ML engineers (machine learning engineers) lead the practical application of data science in products and solutions by building, deploying, and maintaining machine learning models. Their primary focus pivots towards the engineering aspect of model development and deployment. ML Engineers ensure the robustness, reliability, and scalability of machine learning systems in live environments, addressing challenges related to data quality, infrastructure, and performance. By integrating AI and ML models into operational business processes and user-facing products, they facilitate the utilization of data science in solving business challenges, ensuring models don't just stay in research but drive tangible business value.

Business analysts and business users: Business analysts provide stakeholders and business teams with actionable data. They often interpret data and create reports or other documentation for management using standard BI tools. They are typically the first point of contact for non-technical business users and operations colleagues for quick analysis questions.

Dashboards and business apps delivered on the Databricks platform can be used directly by business users. Apps Developer create secure data and AI applications on the data platform and share those apps with business users. Business partners are important stakeholders in an increasingly networked business world. They are defined as a company or individuals with whom a business has a formal relationship to achieve a common goal, and can include vendors, suppliers, distributors, and other third-party partners. Data sharing is an important aspect of business partnerships, as it enables the transfer and exchange of data to enhance collaboration and data-driven decision-making.

Domains of Platform Framework🔗

Storage: In the cloud, data is mainly stored in scalable, efficient, and resilient object storage on cloud providers.

Governance: Capabilities around data governance, such as access control, auditing, metadata management, lineage tracking, and monitoring for all data and AI assets.

AI engine: The AI engine provides generative AI capabilities for the whole platform.

Ingest and transform: The capabilities for ETL workloads.

Advanced analytics, ML, and AI: All capabilities around machine learning, AI, Generative AI, and also streaming analytics.

Data warehouse: The domain supporting DWH and BI use cases.

Operational Database: Capabilities and services around operational databases like OLTP databases (online transaction processing), key-value stores, etc.

Automation: Workflow management for data processing, machine learning, analytics pipelines, including CI/CD and MLOps support.

ETL and Data science tools: The front-end tools that data engineers, data scientists and ML engineers primarily use for work.

BI tools: The front-end tools that BI analysts primarily use for work.

Data and AI apps Tools that build and host applications that use the data managed by the underlying platform and leverage its analytics and AI capabilities in a secure and governance-compliant manner.

Collaboration: Capabilities for data sharing between two or more parties.

alt text

Data Workloads in Databricks🔗

Ingest and Transform🔗

Databricks Lakeflow Connect offers built-in connectors for ingestion from enterprise applications and databases.

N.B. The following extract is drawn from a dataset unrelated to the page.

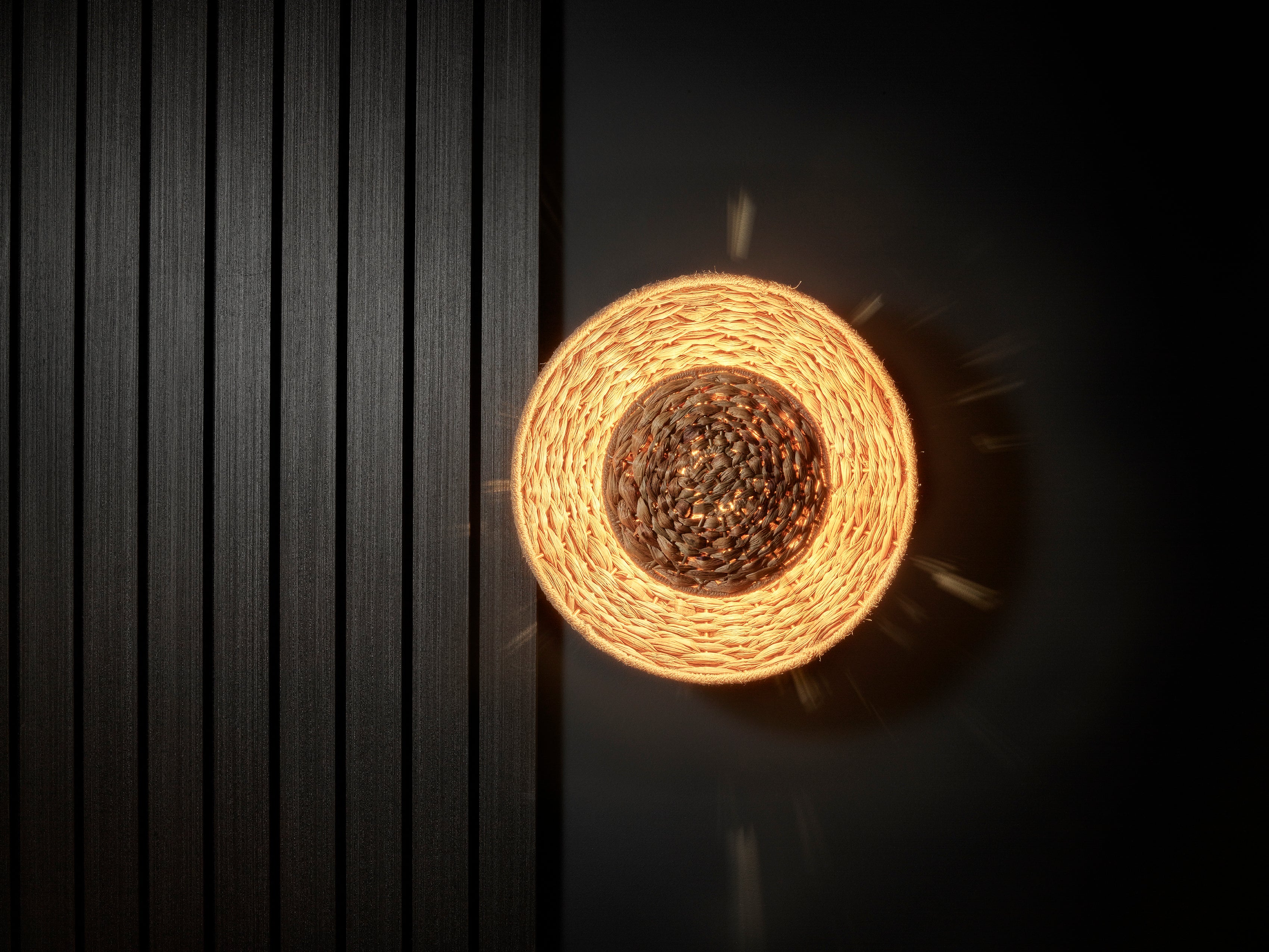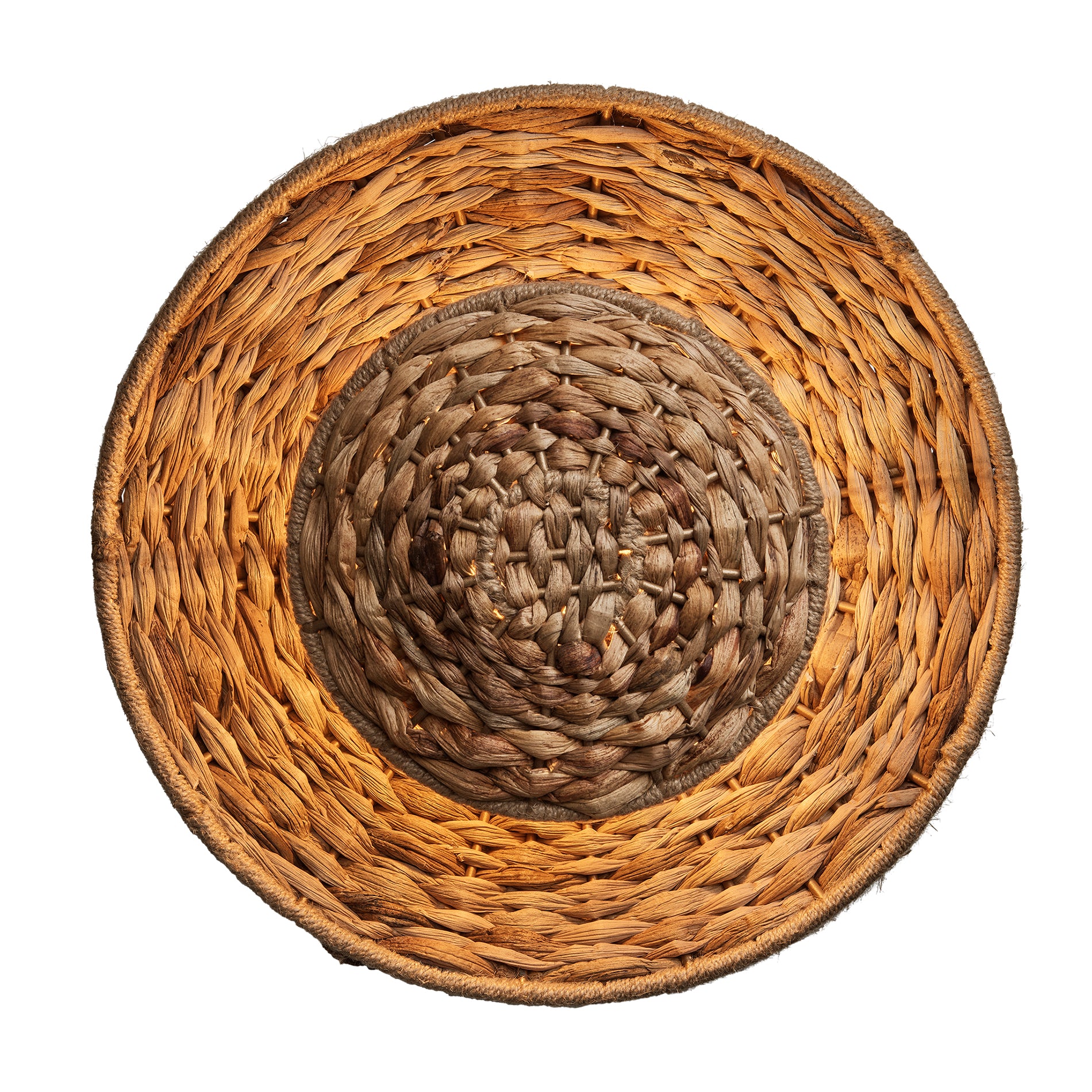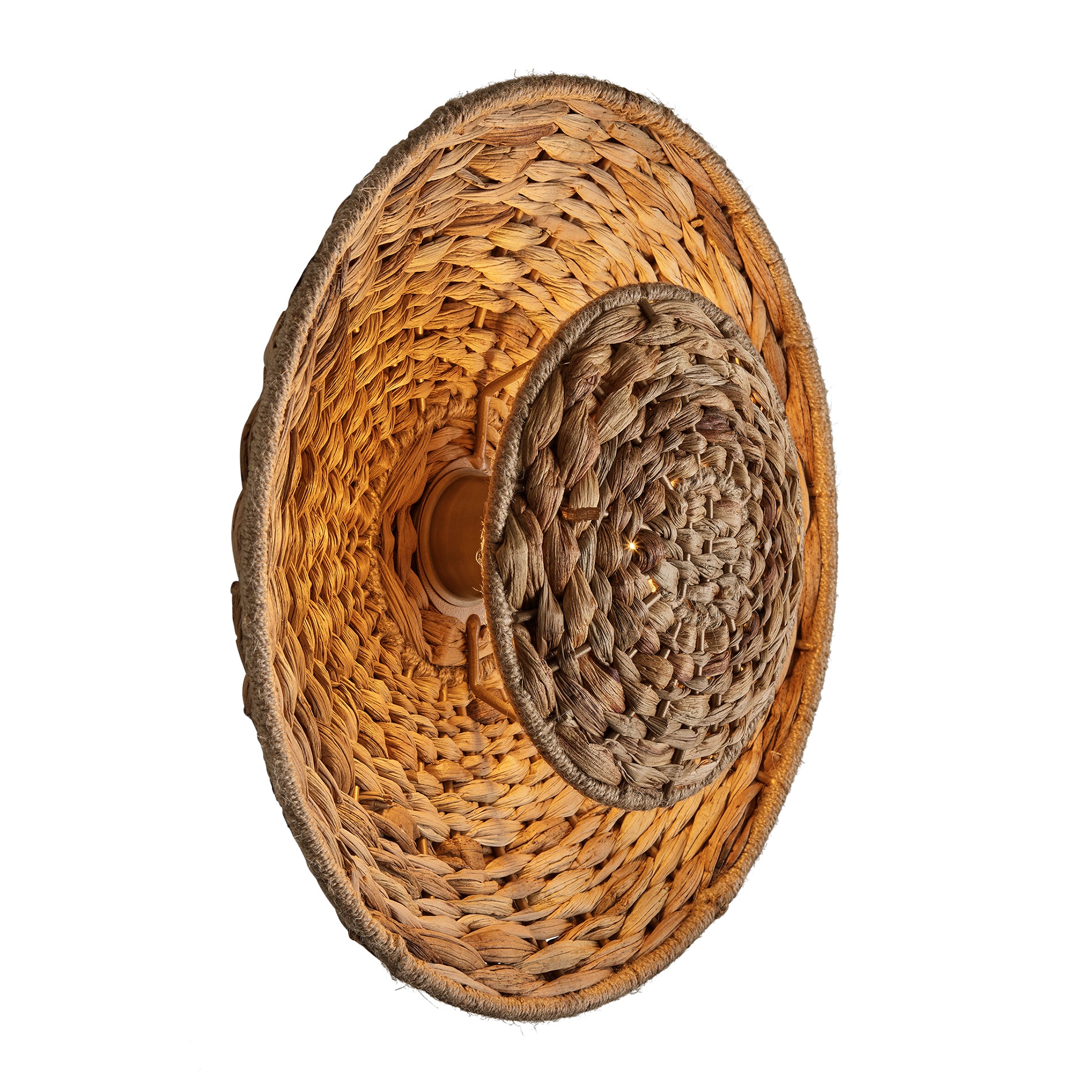 Organic Sea Grass light features a handwoven, bowl-shaped shade over an aged brass frame with natural jute detailing. Can be installed as a wall light or flush mount. This shade is complete with an inner disc shaped sea grass shade covering the bulb.

The resulting ingestion pipeline is governed by Unity Catalog and is powered by serverless compute and Lakeflow Declarative Pipelines.

Auto Loader incrementally and automatically processes files landing in cloud storage in scheduled or continuous jobs - without the need to manage state information. Once ingested, raw data needs to be transformed so it's ready for BI and ML/AI. Databricks provides powerful ETL capabilities for data engineers, data scientists, and analysts.

Lakeflow Declarative Pipelines allows writing ETL jobs in a declarative way, simplifying the entire implementation process. Data quality can be improved by defining data expectations.

Data Warehouse🔗

The Databricks Data Intelligence Platform also has a complete data warehouse solution with Databricks SQL, centrally governed by Unity Catalog with fine-grained access control.

AI functions are built-in SQL functions that allow you to apply AI on your data directly from SQL. Integrating AI into analysis jobs provides access to information previously inaccessible to analysts, and empowers them to make more informed decisions, manage risks, and sustain a competitive advantage through data-driven innovation and efficiency.

Operational Database🔗

Lakebase is an online transaction processing (OLTP) database based on Postgres and fully integrated with the Databricks Data Intelligence Platform. It allows you to create an OLTP database on Databricks, and integrate OLTP workloads with your Lakehouse.

Lakebase allows to sync data between OLTP and online analytical processing (OLAP) workloads, and is well integrated with Feature management, SQL warehouses, and Databricks Apps.

Outline of Databricks Feature Areas🔗

Cloud Storage🔗

All data for the lakehouse is stored in the cloud provider's object storage. Databricks supports three cloud providers: AWS, Azure, and GCP. Files in various structured and semi-structured formats (for example, Parquet, CSV, JSON, and Avro), as well as unstructured formats (such as images and documents), are ingested and transformed using either batch or streaming processes.

Delta Lake is the recommended data format for the lakehouse (file transactions, reliability, consistency, updates, and so on). It's also possible to read Delta tables using Apache Iceberg clients.

No proprietary data formats are used in the Databricks Data Intelligence Platform: Delta Lake and Iceberg are open source to avoid vendor lock-in.

Data and AI Governance🔗

On top of the storage layer, Unity Catalog offers a wide range of data and AI governance capabilities, including metadata management in the metastore, access control, auditing, data discovery, and data lineage.

Lakehouse monitoring provides out-of-the-box quality metrics for data and AI assets, and auto-generated dashboards to visualize these metrics.

External SQL sources can be integrated into the lakehouse and Unity Catalog through lakehouse federation.

Orchestration🔗

Lakeflow Jobs enable you to run diverse workloads for the full data and AI lifecycle on any cloud. They allow you to orchestrate jobs as well as Lakeflow Declarative Pipelines for SQL, Spark, notebooks, DBT, ML models, and more.

Collaboration🔗

Delta Sharing is an open protocol developed by Databricks for secure data sharing with other organizations regardless of the computing platforms they use.

Databricks Marketplace is an open forum for exchanging data products. It takes advantage of Delta Sharing to give data providers the tools to share data products securely and data consumers the power to explore and expand their access to the data and data services they need.

Clean Rooms use Delta Sharing and serverless compute to provide a secure and privacy-protecting environment where multiple parties can work together on sensitive enterprise data without direct access to each other's data.